Exactly the lines below, starting with the one containing "After registering, just" and going on through the one containing "噴塑組合式不鏽(xiù)鋼分", must be reproduced, both ends included, and no pictures with them.
^^^^
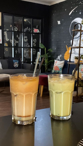 Top notch buat tempatnya, mulai masuk kerasa homey cozy, jumlah sofa juga banyak, cocok buat kaum jompo butuh sofa empuk dan nyaman. Dari lighting sampe semua printilan design interiornya oke. Ada outdoor indoor juga buat perokok dan vape user. Tiap table juga ada colokan. Tersedia prayer room juga cuma tadi blm liat dalemnya kayak apa. Oya point plus juga playlistnya anak 2000an awal bikin betah hahahahah.
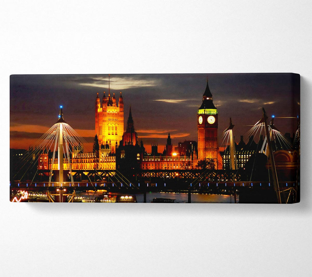 Leinwandbild „Houses of Parliament Lights“ in London, gedruckt auf beschichteter Polyester-Leinwand. Auf einem 44 mm breiten Kastenrahmen montiert, fertig zum Aufhängen.
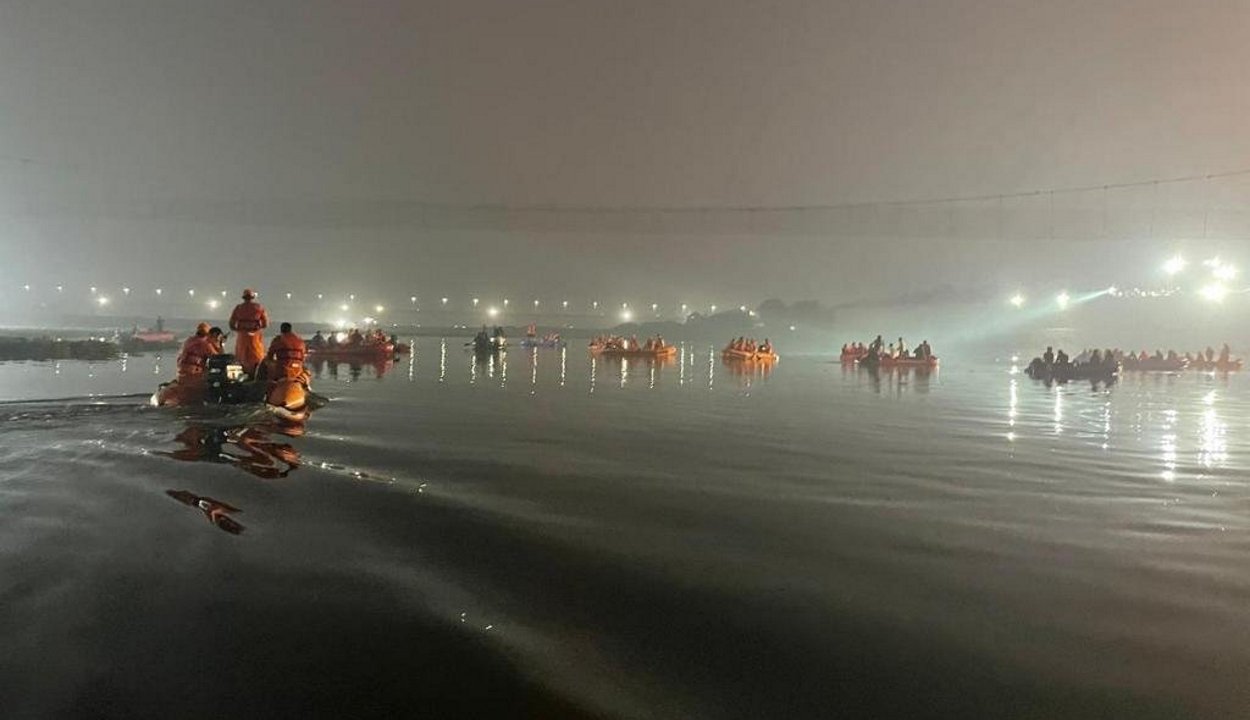 Az NDTV jelentése szerint 141 ember meghalt, 177 embert pedig kimentettek, amikor a gyaloghíd, amelyet nemrég nyitottak meg újra a felújítást követően, összerogyott.
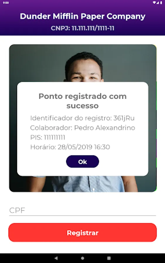 After registering, just log in and your employees will be able to register the point just by typing their CPF.
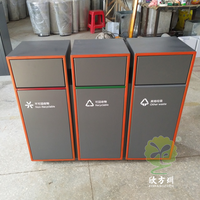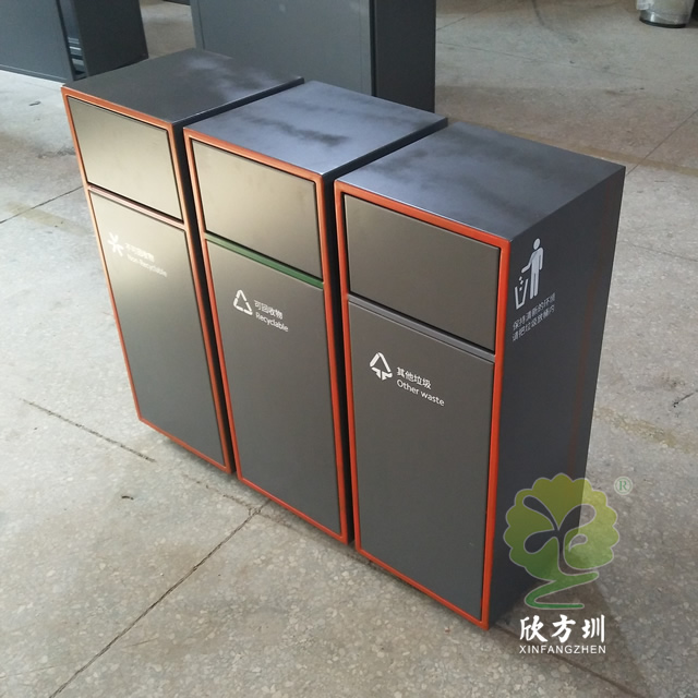 噴塑組合式不鏽(xiù)鋼分(fèn)類(lèi)垃圾(jī)箱采用201#,202#,304#優質不鏽鋼(gāng)材料模壓成(chéng)型,堅(jiān)固耐用,不(bú)易破損;耐火安全,抗高低溫,適合各種惡(è)劣(liè)氣候(hòu)條件(jiàn);金屬亮澤(zé),高雅美觀,廣泛適用於各種機場、商場高檔(dàng)場所;內外表麵光潔,減少垃圾(jī)殘留,易於清潔;配置鍍鋅板內桶,便(biàn)於垃圾清倒;激光切割開料,尺寸精準,投口無縫焊接成型,打磨拋光處理圓滑不割手。
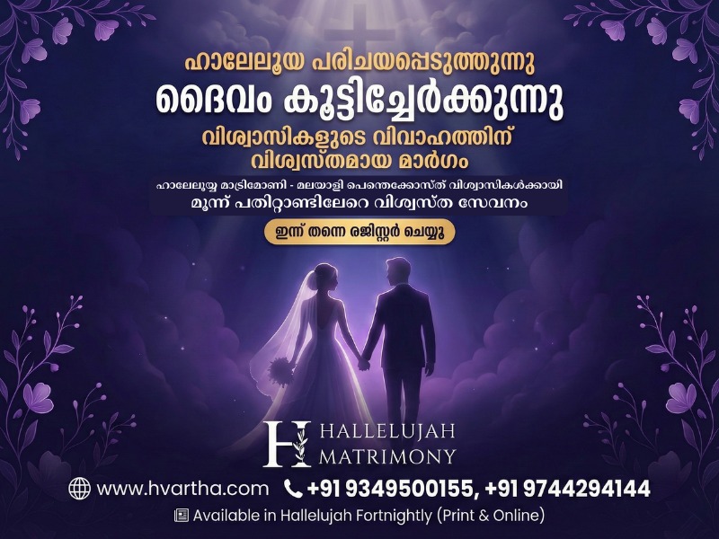 നിങ്ങളുടെ മക്കൾക്ക് യോജിച്ച പങ്കാളിയെ കണ്ടെത്തുവാൻ ഹാലേലൂയ പോലെ സുരക്ഷിതവും മികച്ചതും ആയ മറ്റൊരു മാർഗ്ഗമില്ല. ഇന്ന് തന്നെ പ്രൊഫൈലും ഫോട്ടോയും വാട്സ്ആപ്പ് ചെയ്യുക. കൂടുതൽ വിവരങ്ങൾക്കായി വിളിക്കുക / വാട്സ്ആപ് ചെയ്യുക +91 9349500155, 9744294144
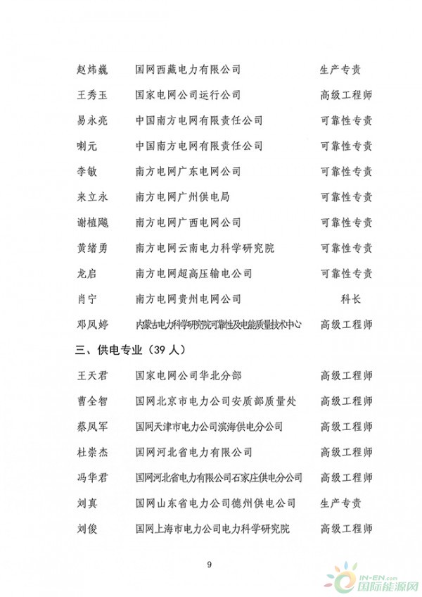 今日,國家能源局公布全國電力可靠性監(jiān)督管理專家?guī)焓着霂鞂<颐麊?,本次入庫專家?52人:其中發(fā)電專業(yè)89人,包括火力發(fā)電專業(yè)35人、水力發(fā)電專業(yè)22人、新能源發(fā)電專業(yè)25人、核電專業(yè)7人;輸變電專業(yè)24人;供電專業(yè)39人。
^^^^
Exercise response:
 After registering, just log in and your employees will be able to register the point just by typing their CPF.
 噴塑組合式不鏽(xiù)鋼分(fèn)類(lèi)垃圾(jī)箱采用201#,202#,304#優質不鏽鋼(gāng)材料模壓成(chéng)型,堅(jiān)固耐用,不(bú)易破損;耐火安全,抗高低溫,適合各種惡(è)劣(liè)氣候(hòu)條件(jiàn);金屬亮澤(zé),高雅美觀,廣泛適用於各種機場、商場高檔(dàng)場所;內外表麵光潔,減少垃圾(jī)殘留,易於清潔;配置鍍鋅板內桶,便(biàn)於垃圾清倒;激光切割開料,尺寸精準,投口無縫焊接成型,打磨拋光處理圓滑不割手。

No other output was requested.